弛緩出血・DIC先行型では,心肺虚脱型のような急激な循環動態悪化や呼吸不全は引き起こされないが,産後出血で最も頻度の高い弛緩出血にしては出血スピードがあまりにも速く,凝固線溶系の亢進(DIC)が一気に進むため,通常の産後出血に対応するスピードではまったく追いつかない。よって,診断に至らなくとも,疑いはじめた段階で見切り発車し,以下の治療を速やかにかつ大胆に行う。
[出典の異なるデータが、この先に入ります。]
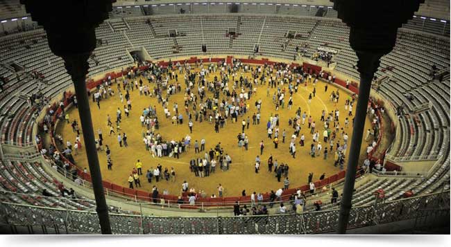 Público invade a arena Monumental, em Barcelona, que neste domingo foi palco da última tourada. Em 2012, entra em vigor a lei que proíbe as tradicionais disputas entre touro e toureiro.

弛緩出血・DIC先行型でもマンパワー確保と集学的治療は重要である。
母体救命ではOMI(oxygen, monitoring, intravenous injection)が重要であり,リザーバー付き酸素マスク(10L)の装着,心電図,酸素飽和度測定を行い,少なくとも2ルート以上の静脈確保(できれば20G以上)を速やかに開始する。本疾患を疑ったら躊躇なく新鮮凍結血漿(FFP)のオーダーを行う。羊水塞栓症のDICは凝固と線溶亢進が劇的に進行するため,早期かつ十分な凝固因子補充と,抗線溶療法を速やかに開始する必要がある。
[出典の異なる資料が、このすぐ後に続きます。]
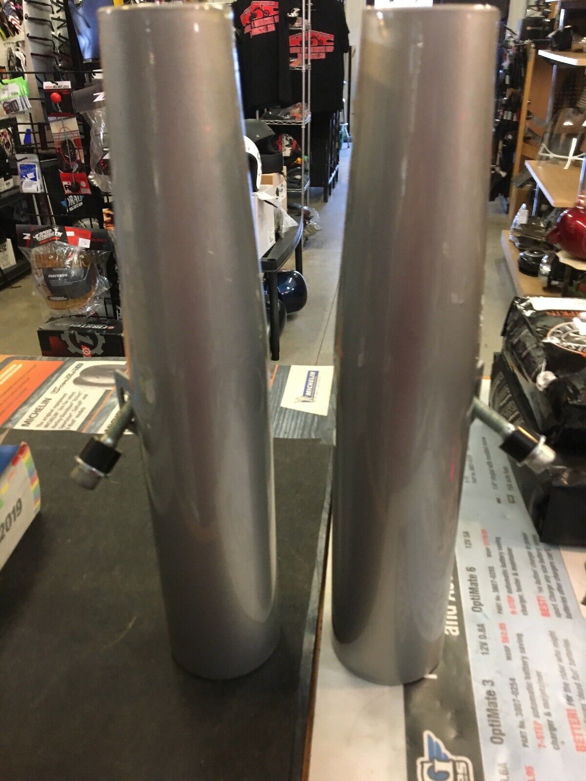 Lowbrow Customs 39mm Fork Shrouds. Condition is Used.painted silver great condition requires front fender removal measures 13-5/8” length buyer is responsible for fitment and applications

赤血球は組織の酸素化の担体としてバイタルサインの維持に必須であるが,まずは十分な酸素投与と外液系の輸液によりバイタルサインの安定化と組織の酸素化を図る。また,産科危機的出血の状態であるので,異型適合血(O型RBC,AB型FFP)を用いてもよい。また,十分な凝固因子補充のため,FFP:RBC比≧1.5を目標とする。FFPは解凍に時間を要することからも,早期判断が必要となる。
羊水塞栓症は胎児成分が母体内に流入し,各種メディエーターの活性が起きている状態なので,アナフィラクトイド反応を少しでも抑制する目的でベリナート®P静注用(乾燥濃縮ヒトC1-インアクチベーター)投与も考えられる。ただし,高価かつ現時点で保険適用はない。子宮収縮を目的とした子宮収縮薬や物理的圧迫止血法のバクリバルーン挿入など,保存的治療を行っても出血が止まらない場合は,IVRによる子宮動脈塞栓術や原因除去を目的として子宮全摘術を行う。